The next higher hill is the Rödinghauser Berg (274 m) which is 2 kilometres to the east; two kilometers to the west is its namesake, the 161-metre-high Kleiner Kellenberg ("Little Kellenberg").
At the eastern foot of the hill lies the Grüner See. To the north, between Büscherheide and the summit flows the Glanebach.
Although it is on the main chain, the Großer Kellenberg does not form a prominent watershed in this area, because both the Glanebach, and the in- and outflows of the Grüner See empty into the River Hunte after a few kilometres. This is because the Hunte breaks through the Wiehen Hills 2.5 kilometres west of the Großer Kellenberg.

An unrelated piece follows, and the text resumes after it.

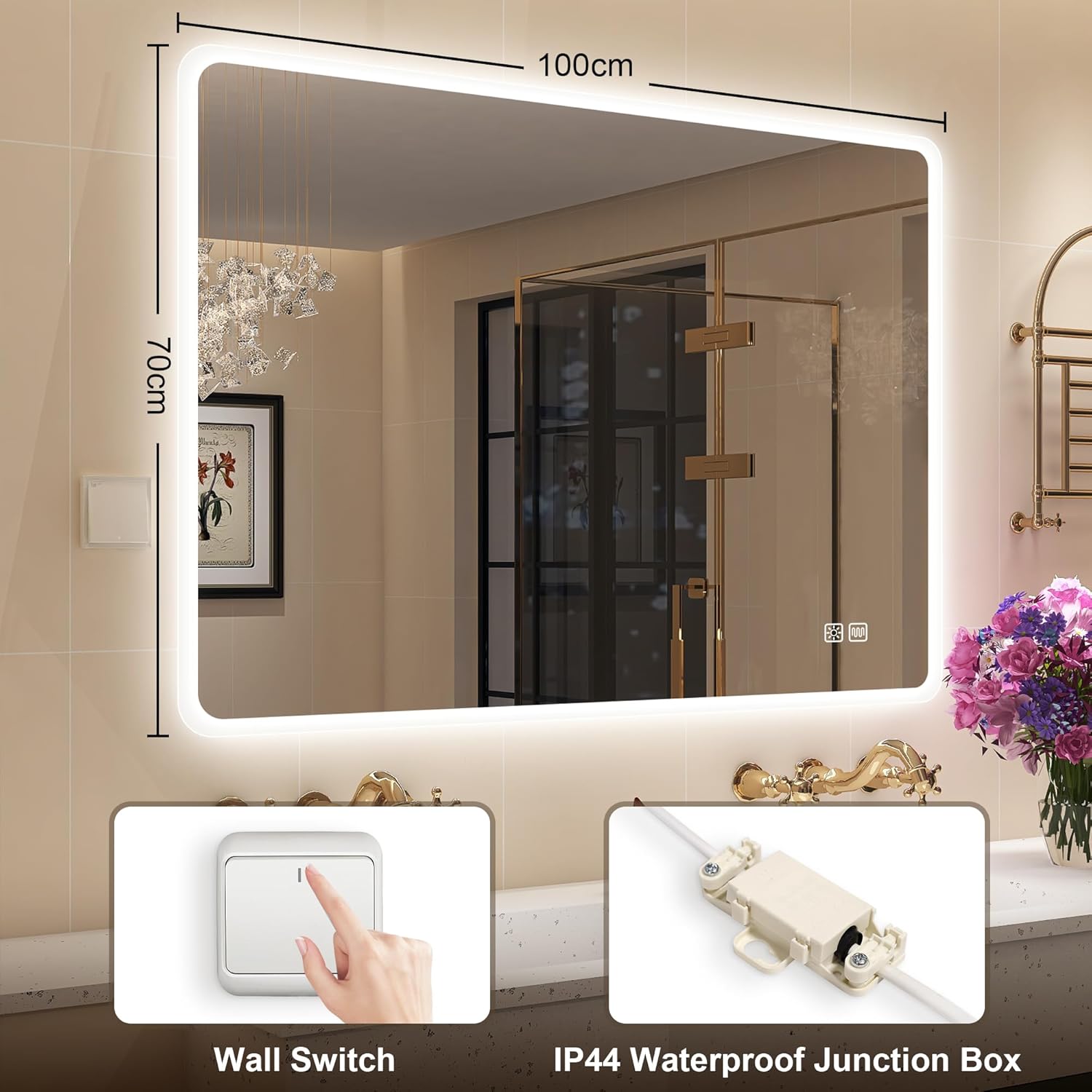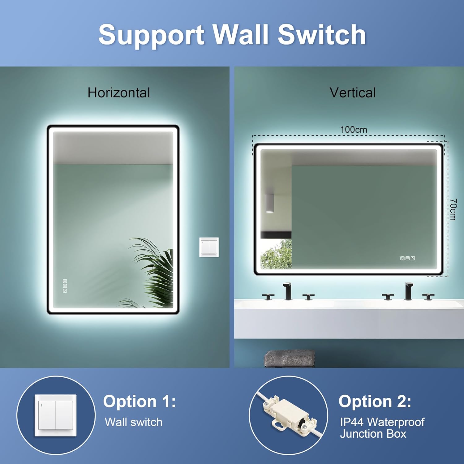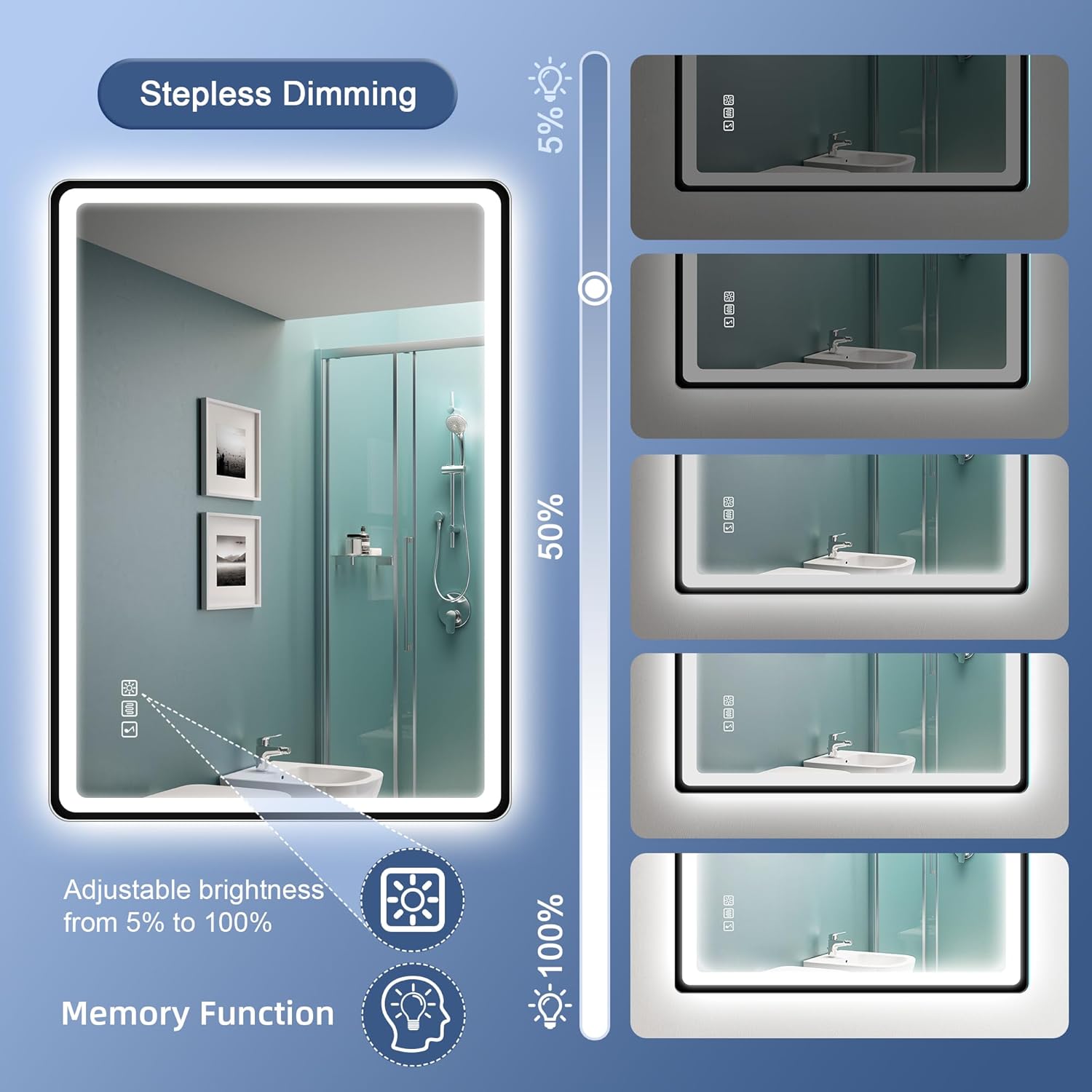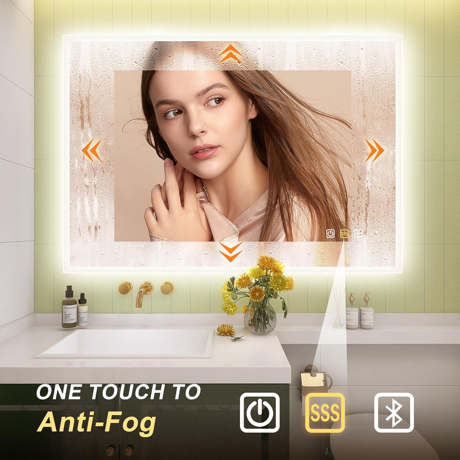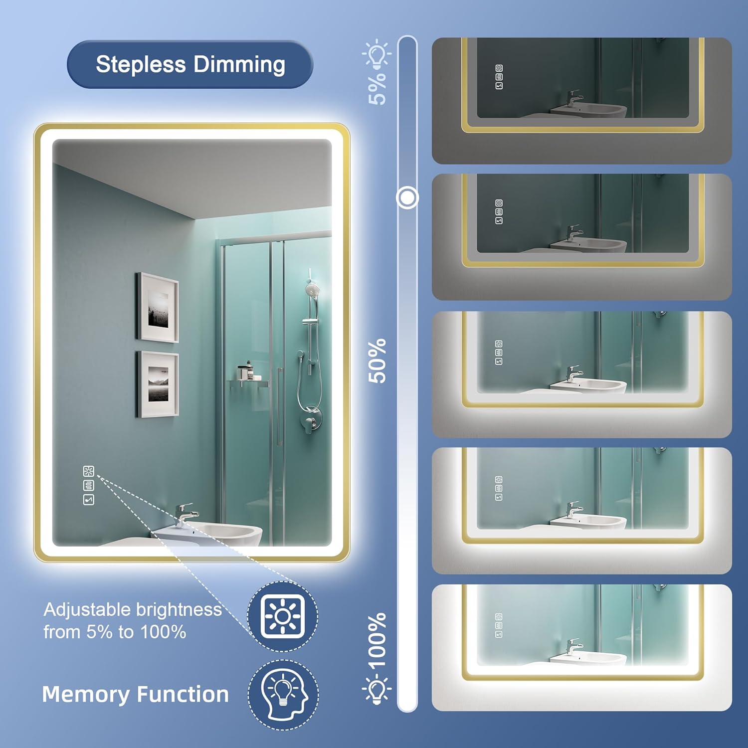 STARLEAD Specchio-Bagno-con-Luce e Bluetooth 70x100cm, Specchio-Bagno-LED con Antifog, 3 Colori Luce, Dimmerabile, IP44, Vetro Temperato HD, Memoria, Orizzontale/Verticale

The hill marks the end of the 3rd stage and start of the 4th stage of the Wittekindsweg, the ridgeway on the main hill chain. In addition, the 3-kilometre-long Großer Kellenberg Circular Path (Rundweg Großer Kellenberg) runs around the hill.

== Tumuli ==
There are several tumuli (Hügelgräber) on the eastern and northern slopes of the hill and partly in the valley bottom of the Grüner See. The aforementioned circular walk goes past them.